YOUR GOAL: Quote the whole listing exactly. Leave the pictures out of your copy.
---- RECORDS FOR PROCESSING
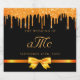 Imitate goldfarbene Schleife und Bogen mit Imitaten goldenen Glitzer Tropfen, Farbe Tropfen aussehen. Ein schicker schwarzer Hintergrund. Personalisieren und fügen Sie Ihre Monogramm, Initialen und Hochzeitstag. Ihr Familienname ist in der Mitte mit einem Hauptstadt-Brief. Goldene Buchstaben.
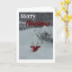 Neve fresca em um hidrante vermelho e amarelo faz um gnomo engraçado da neve. Personalize o dentro de texto do cartão para a sua saudação de Natal favorita.
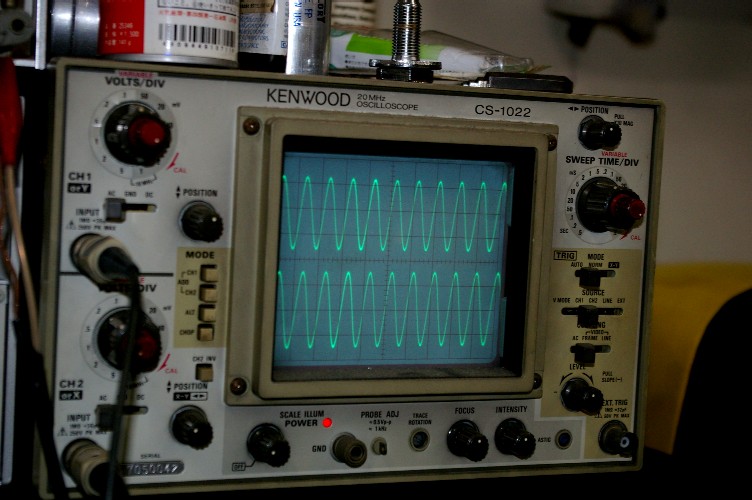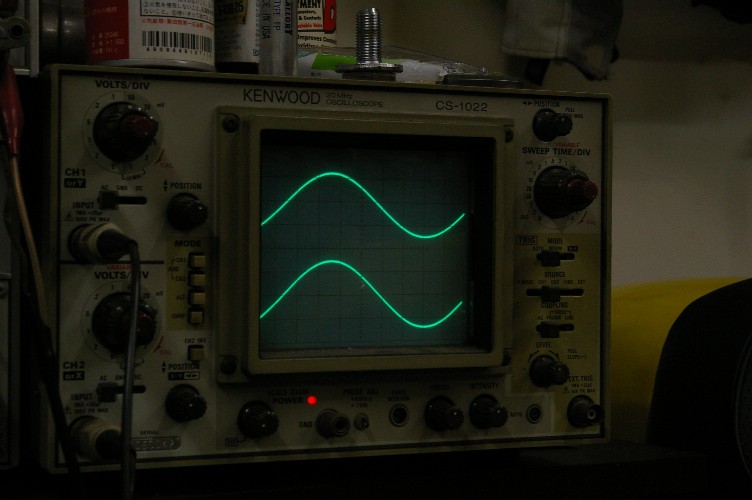 此れが狂ったら不良品。1kHzの正弦波。上が入力波形、下が出力波形。
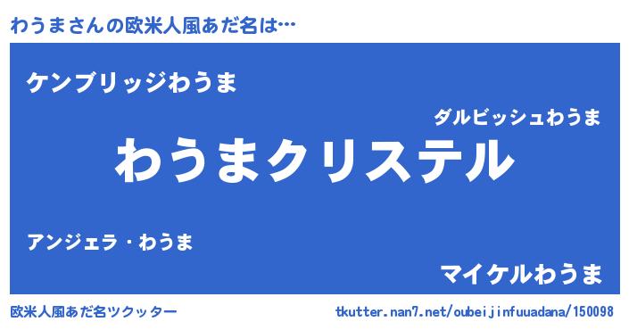 | 意味不明あだ名 | 『わうまフォーエバー』『自称わうま』 |
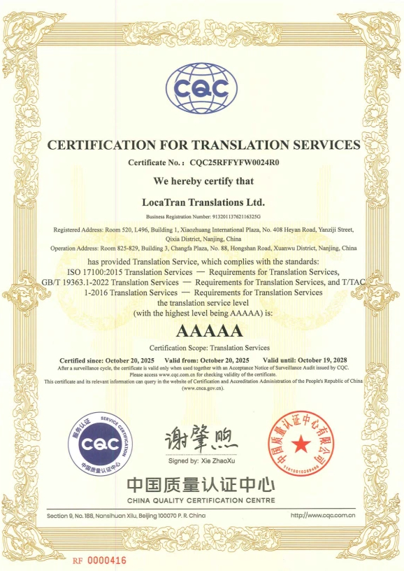 近日,南京瑞科翻译公司(以下简称“瑞科翻译”)顺利通过 ISO 17100:2015 国际翻译服务认证,并成功获得由中国翻译协会 (TAC) 授予的翻译服务 5A 级认证。该认证是国内翻译服务领域的最高等级资质,代表了语言服务企业在质量体系建设、专业交付能力和行业认可度上的权威水平。
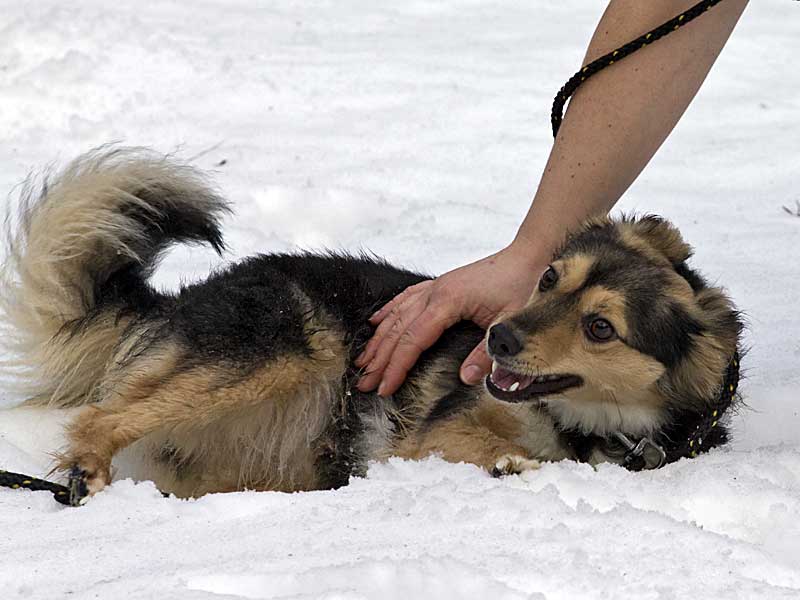 Franzi wurde einen Tag vor Weihnachten bei uns abgegeben. In der Familie ging es ihr monatelang sehr gut, doch von einem Tag zum anderen wurde sie auf einen Schlag unsauber und zog sich verängstigt zurück. Über die Ursache konnte uns die Familie nichts sagen. Vor allem mit den drei kleinen Kindern schien Franzi überfordert zu sein.
--------
RESPONSE FOR THIS EXERCISE:
 Imitate goldfarbene Schleife und Bogen mit Imitaten goldenen Glitzer Tropfen, Farbe Tropfen aussehen. Ein schicker schwarzer Hintergrund. Personalisieren und fügen Sie Ihre Monogramm, Initialen und Hochzeitstag. Ihr Familienname ist in der Mitte mit einem Hauptstadt-Brief. Goldene Buchstaben.
 Neve fresca em um hidrante vermelho e amarelo faz um gnomo engraçado da neve. Personalize o dentro de texto do cartão para a sua saudação de Natal favorita.
 此れが狂ったら不良品。1kHzの正弦波。上が入力波形、下が出力波形。
 | 意味不明あだ名 | 『わうまフォーエバー』『自称わうま』 |
 近日,南京瑞科翻译公司(以下简称“瑞科翻译”)顺利通过 ISO 17100:2015 国际翻译服务认证,并成功获得由中国翻译协会 (TAC) 授予的翻译服务 5A 级认证。该认证是国内翻译服务领域的最高等级资质,代表了语言服务企业在质量体系建设、专业交付能力和行业认可度上的权威水平。
 Franzi wurde einen Tag vor Weihnachten bei uns abgegeben. In der Familie ging es ihr monatelang sehr gut, doch von einem Tag zum anderen wurde sie auf einen Schlag unsauber und zog sich verängstigt zurück. Über die Ursache konnte uns die Familie nichts sagen. Vor allem mit den drei kleinen Kindern schien Franzi überfordert zu sein.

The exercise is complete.